Telomerase is constitutively overexpressed in the majority of human
cancers and
telomerase inhibition provides a promising broad-spectrum anticancer therapeutic strategy.
BIBR 1532 is a well-known synthetic
telomerase inhibitor that blocks the enzymatic activity of hTERT, the catalytic subunit of
telomerase. However, water insolubility of
BIBR 1532 leads to low cellular uptake and inadequate delivery and thus, limits its anti-
tumor effects. Zeolitic imidazolate framework-8 (ZIF-8) is considered as an attractive
drug delivery vehicle for improved transport, release and anti-
tumor effects of
BIBR 1532. Herein, ZIF-8 and
BIBR 1532@ZIF-8 were synthesized, respectively, and the physicochemical characterizations confirmed the successful encapsulation of
BIBR 1532 in ZIF-8 coupled with an improved stability of
BIBR 1532. ZIF-8 could alter the permeability of lysosomal membrane probably by the
imidazole ring-dependent protonation. Moreover, ZIF-8 encapsulation facilitated the cellular uptake and release of
BIBR 1532 with more accumulation in the nucleus.
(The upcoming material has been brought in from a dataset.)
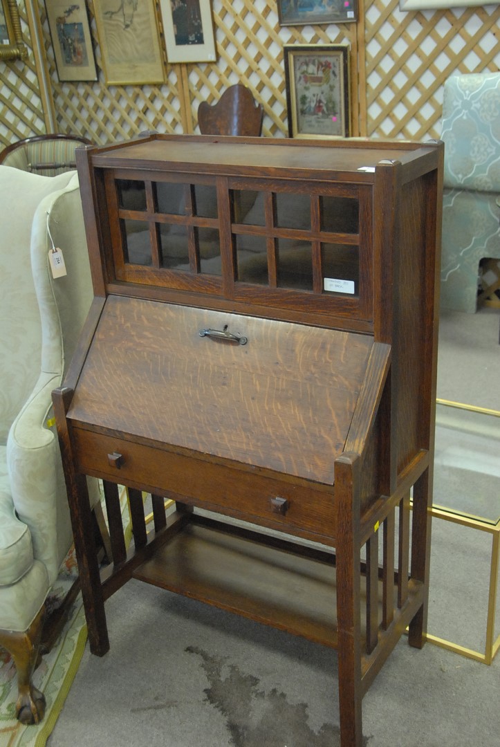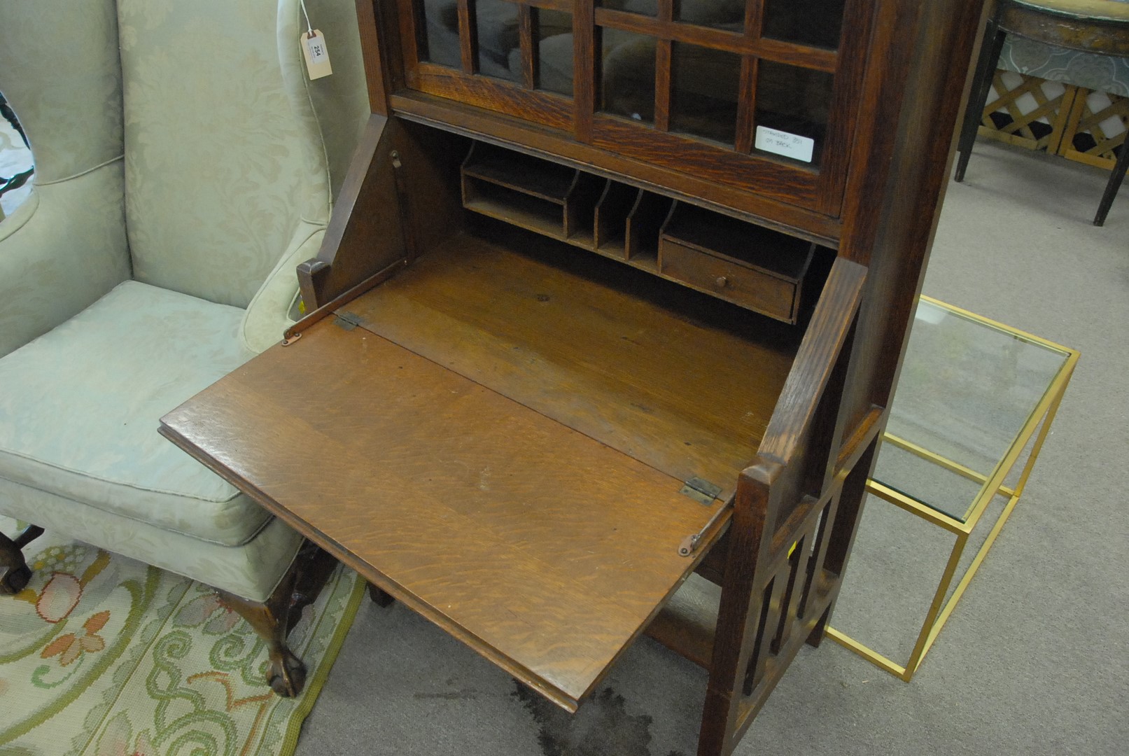 Lot 301: Mission oak secretary desk. ht. 50 in. wd. 30 in. dp. 17 1/2 in.

BIBR 1532 encapsulation with ZIF-8 triggered a more obvious growth inhibition of
cancer cells as compared with free
BIBR 1532. A more potent inhibition on hTERT
mRNA expression, aggravated G0/G1 arrest accompanied with an increased cellular senescence were detected in
BIBR 1532@ZIF-8-treated
cancer cells. Our work has provided preliminary information on improving the transport, release and efficacy of water-insoluble small molecule drugs by using ZIF-8 as a delivery vehicle.